##### Exercise inputs

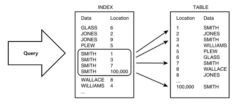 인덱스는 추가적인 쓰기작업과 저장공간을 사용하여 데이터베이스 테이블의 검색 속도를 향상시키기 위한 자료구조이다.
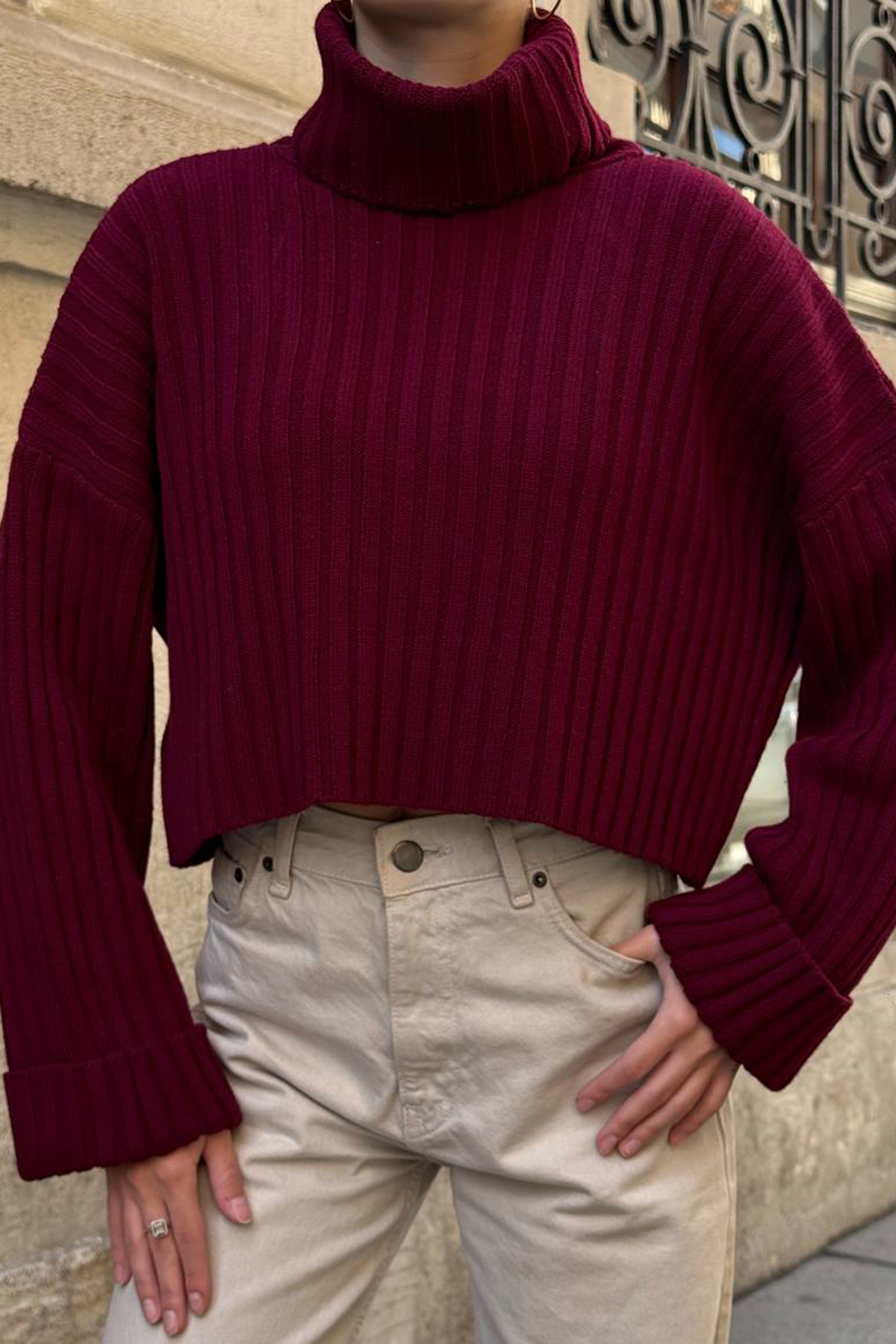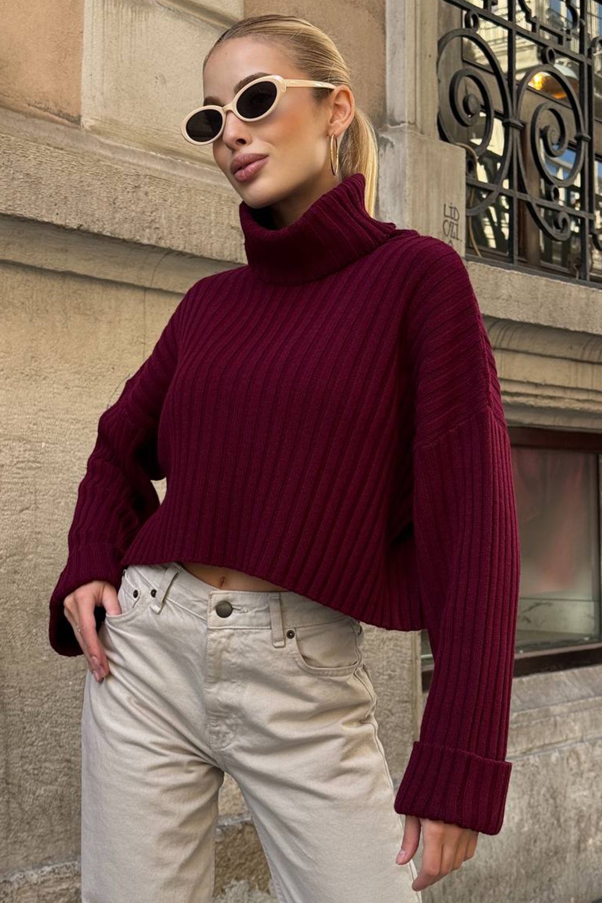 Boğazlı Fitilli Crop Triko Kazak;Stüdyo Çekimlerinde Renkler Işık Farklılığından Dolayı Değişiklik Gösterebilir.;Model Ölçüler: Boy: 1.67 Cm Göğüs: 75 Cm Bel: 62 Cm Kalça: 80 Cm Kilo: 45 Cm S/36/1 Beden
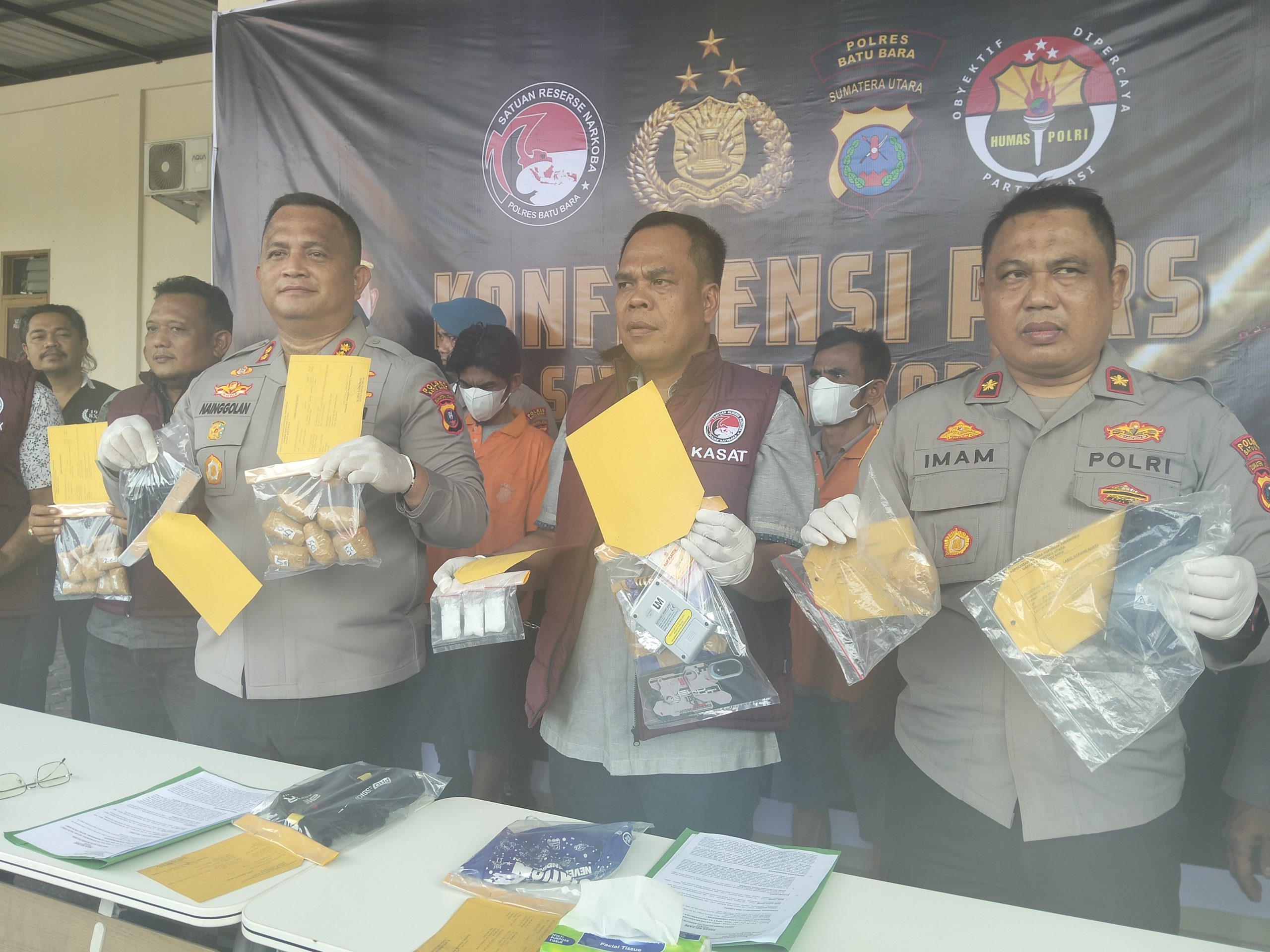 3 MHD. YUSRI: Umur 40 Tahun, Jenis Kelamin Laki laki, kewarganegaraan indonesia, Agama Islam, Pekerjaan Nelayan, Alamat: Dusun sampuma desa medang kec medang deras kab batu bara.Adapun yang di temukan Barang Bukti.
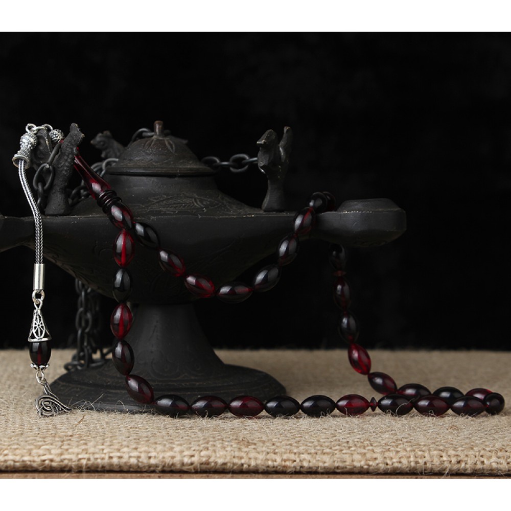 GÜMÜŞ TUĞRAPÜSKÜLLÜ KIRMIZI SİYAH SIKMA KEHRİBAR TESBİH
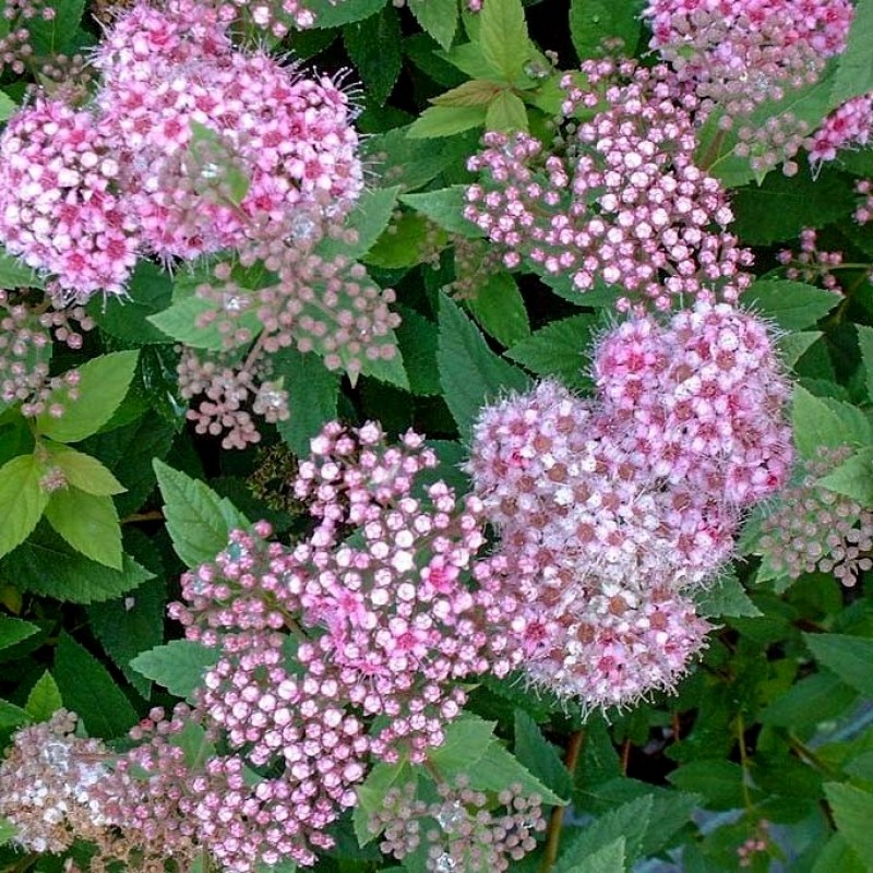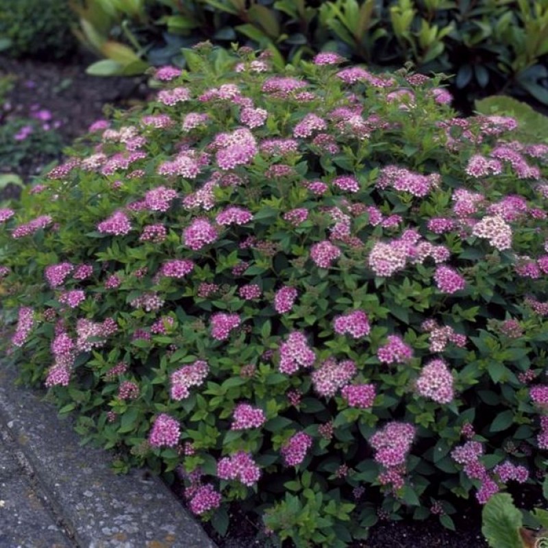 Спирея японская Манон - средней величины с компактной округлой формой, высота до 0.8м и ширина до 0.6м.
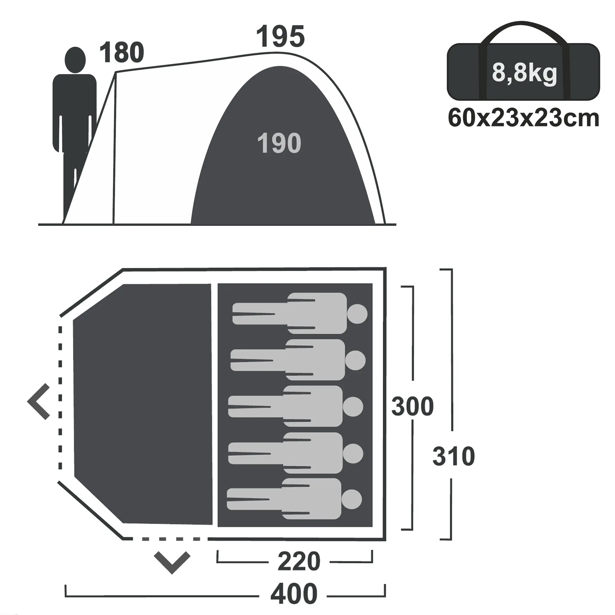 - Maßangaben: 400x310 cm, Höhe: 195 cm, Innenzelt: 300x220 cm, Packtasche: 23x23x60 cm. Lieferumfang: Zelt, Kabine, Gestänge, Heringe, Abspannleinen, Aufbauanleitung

##########

Exercise instructions: Retype the records above exactly. Leave the pictures out.

Solution for this problem:
 인덱스는 추가적인 쓰기작업과 저장공간을 사용하여 데이터베이스 테이블의 검색 속도를 향상시키기 위한 자료구조이다.
 Boğazlı Fitilli Crop Triko Kazak;Stüdyo Çekimlerinde Renkler Işık Farklılığından Dolayı Değişiklik Gösterebilir.;Model Ölçüler: Boy: 1.67 Cm Göğüs: 75 Cm Bel: 62 Cm Kalça: 80 Cm Kilo: 45 Cm S/36/1 Beden
 3 MHD. YUSRI: Umur 40 Tahun, Jenis Kelamin Laki laki, kewarganegaraan indonesia, Agama Islam, Pekerjaan Nelayan, Alamat: Dusun sampuma desa medang kec medang deras kab batu bara.Adapun yang di temukan Barang Bukti.
 GÜMÜŞ TUĞRAPÜSKÜLLÜ KIRMIZI SİYAH SIKMA KEHRİBAR TESBİH
 Спирея японская Манон - средней величины с компактной округлой формой, высота до 0.8м и ширина до 0.6м.
 - Maßangaben: 400x310 cm, Höhe: 195 cm, Innenzelt: 300x220 cm, Packtasche: 23x23x60 cm. Lieferumfang: Zelt, Kabine, Gestänge, Heringe, Abspannleinen, Aufbauanleitung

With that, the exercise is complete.